Als Frank später in der Küche mit der Kelle im Bowlenglas herumfischte, gesellte sich Tinas Vater zu ihm.

„Ich kann mir vorstellen, dass dir nicht gerade besonders heiter ums Herz ist.“ Er stieß mit seinem Glas an Franks.

„Es geht“, sagte Frank.

„Werden deine Eltern zu deiner Vereidigung kommen?“

„Kann sein“, sagte Frank.

„Hör mal, Junge, wenn du Tina rechtzeitig schreibst, wann die Vereidigung ist, dann kommen wir mit dem Trabi. Was hältst du davon?“

„Ich würde mich freuen.“

„Abgemacht“, sagte Tinas Vater und stieß noch mal mit Frank an. Tina kam in die Küche.

„Habt ihr Geheimnisse, Jungs?“, fragte sie.

„Du bist neugierig, Tochter.“

Sie gingen zurück ins Zimmer.

Den Rest des Abends ließ Frank Tina nicht mehr los, sie tanzten nonstop bis zum Ende der Abschiedsparty.

Auf dem Nachhauseweg wollte Tina wissen, wie ihm der Abend gefallen habe.

„Ich wünschte mir, dass mein Vater ein bisschen so wie deiner wäre“, sagte Frank.
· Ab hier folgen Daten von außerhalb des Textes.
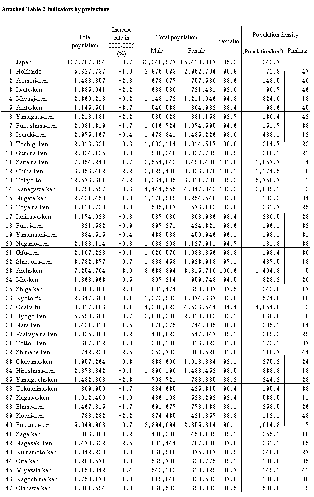 Main contents start here First basic statistical results: Summary of results - Prefectures Key Indicators (2005) ? Attached Table 1 Indicators of Japan Attached Table 3 Population by Age (Single Years) and Sex ? Top of this page
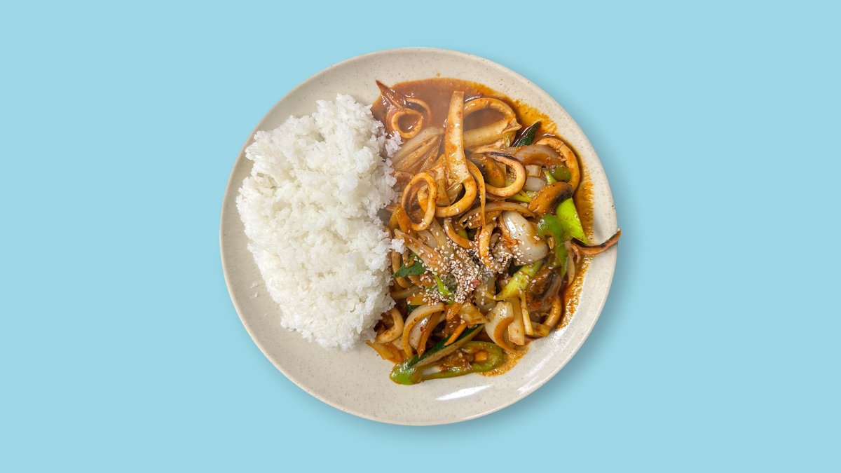 scharf gebratener Tintenfisch und GemĂĽse auf Reis
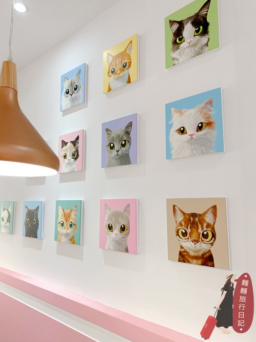 店裡除了大量的粉白色外,牆上跟店裡的裝置藝術還有很多很多很多可愛又萌的貓咪~ 愛咪蕾夏店名裡的Les Chats其實是法語的愛貓咪的意思!
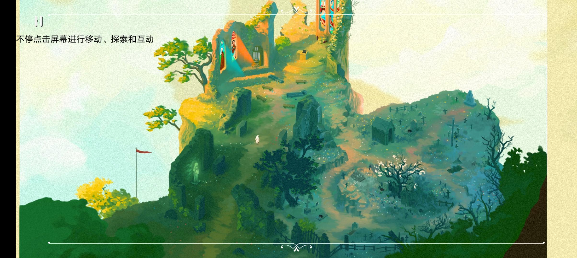 一开始是主角从一个地方跑出来,一开始是全部黑白灰,然后逐渐有音乐和颜色,感觉很神圣的音乐,配上唯美的画风,挺沉浸的。每一个行为都会让画面产生不一样的效果,这点我也觉得做的挺好的,其实没有什么特别多的文字,主要是由音乐和画面在推进整个故事,但是渲染氛围渲染的很好

Mit dieser Antwort war Tina zufrieden.

Am Sonntag kam Frank abends mit seinem Koffer zu Tina. Als er von zu Hause losgegangen war, hatte sein Vater von ihm wissen wollen, ob er denn unbedingt die letzte Nacht bei Tina verbringen müsse.

„Unbedingt“, war seine Antwort gewesen, und er war gegangen.

Tinas Tisch war festlich gedeckt. Weingläser, Servietten, allerlei leckere Sachen, das warme Licht einer Kerze erzeugte eine anheimelnde Atmosphäre.

„Soll ich dich morgen früh zum Bahnhof bringen, Soldat?“

„Lieber nicht“, sagte Frank.

„Aber gleich, wenn du angekommen bist, schreibst du mir.“

„Ehrenwort.“

Tina pustete die Kerze aus.

4

Frank ist gerade zwei Tage weg, und schon ist mir, als hätte ich ihn hundert Jahre nicht gesehen. Eigentlich habe ich am Wochenende dienstfrei, werde mich aber um wenigstens einen Dienst bemühen, sonst fällt mir die Decke auf den Kopf. Ob ich am Sonntag nach Stückow fahre, vielleicht kriege ich Frank zu sehen?